_Requirement_
Would you return the entries below word for word?

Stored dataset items
—————

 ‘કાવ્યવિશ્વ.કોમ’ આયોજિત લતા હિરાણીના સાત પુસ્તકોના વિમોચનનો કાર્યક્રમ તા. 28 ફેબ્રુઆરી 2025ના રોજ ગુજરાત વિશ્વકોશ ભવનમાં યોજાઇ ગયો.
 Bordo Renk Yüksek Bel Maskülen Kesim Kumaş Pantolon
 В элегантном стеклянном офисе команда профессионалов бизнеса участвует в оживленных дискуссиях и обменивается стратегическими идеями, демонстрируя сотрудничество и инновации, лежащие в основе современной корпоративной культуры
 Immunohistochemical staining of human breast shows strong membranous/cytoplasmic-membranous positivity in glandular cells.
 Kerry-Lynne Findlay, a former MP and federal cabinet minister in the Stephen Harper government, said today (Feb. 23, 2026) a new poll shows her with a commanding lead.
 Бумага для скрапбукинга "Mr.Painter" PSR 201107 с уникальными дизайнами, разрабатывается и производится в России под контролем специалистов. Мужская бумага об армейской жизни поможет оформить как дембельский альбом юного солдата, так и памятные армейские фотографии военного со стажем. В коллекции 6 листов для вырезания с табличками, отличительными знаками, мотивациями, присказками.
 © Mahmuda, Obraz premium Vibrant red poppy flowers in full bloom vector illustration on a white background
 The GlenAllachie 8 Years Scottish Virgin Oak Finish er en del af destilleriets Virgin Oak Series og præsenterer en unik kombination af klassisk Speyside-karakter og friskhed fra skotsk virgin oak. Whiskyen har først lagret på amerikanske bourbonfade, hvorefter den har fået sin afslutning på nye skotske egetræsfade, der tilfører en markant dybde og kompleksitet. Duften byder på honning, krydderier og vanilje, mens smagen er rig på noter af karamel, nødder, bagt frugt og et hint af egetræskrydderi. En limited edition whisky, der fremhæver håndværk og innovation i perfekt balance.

—————

_Output for this exercise_
 ‘કાવ્યવિશ્વ.કોમ’ આયોજિત લતા હિરાણીના સાત પુસ્તકોના વિમોચનનો કાર્યક્રમ તા. 28 ફેબ્રુઆરી 2025ના રોજ ગુજરાત વિશ્વકોશ ભવનમાં યોજાઇ ગયો.
 Bordo Renk Yüksek Bel Maskülen Kesim Kumaş Pantolon
 В элегантном стеклянном офисе команда профессионалов бизнеса участвует в оживленных дискуссиях и обменивается стратегическими идеями, демонстрируя сотрудничество и инновации, лежащие в основе современной корпоративной культуры
 Immunohistochemical staining of human breast shows strong membranous/cytoplasmic-membranous positivity in glandular cells.
 Kerry-Lynne Findlay, a former MP and federal cabinet minister in the Stephen Harper government, said today (Feb. 23, 2026) a new poll shows her with a commanding lead.
 Бумага для скрапбукинга "Mr.Painter" PSR 201107 с уникальными дизайнами, разрабатывается и производится в России под контролем специалистов. Мужская бумага об армейской жизни поможет оформить как дембельский альбом юного солдата, так и памятные армейские фотографии военного со стажем. В коллекции 6 листов для вырезания с табличками, отличительными знаками, мотивациями, присказками.
 © Mahmuda, Obraz premium Vibrant red poppy flowers in full bloom vector illustration on a white background
 The GlenAllachie 8 Years Scottish Virgin Oak Finish er en del af destilleriets Virgin Oak Series og præsenterer en unik kombination af klassisk Speyside-karakter og friskhed fra skotsk virgin oak. Whiskyen har først lagret på amerikanske bourbonfade, hvorefter den har fået sin afslutning på nye skotske egetræsfade, der tilfører en markant dybde og kompleksitet. Duften byder på honning, krydderier og vanilje, mens smagen er rig på noter af karamel, nødder, bagt frugt og et hint af egetræskrydderi. En limited edition whisky, der fremhæver håndværk og innovation i perfekt balance.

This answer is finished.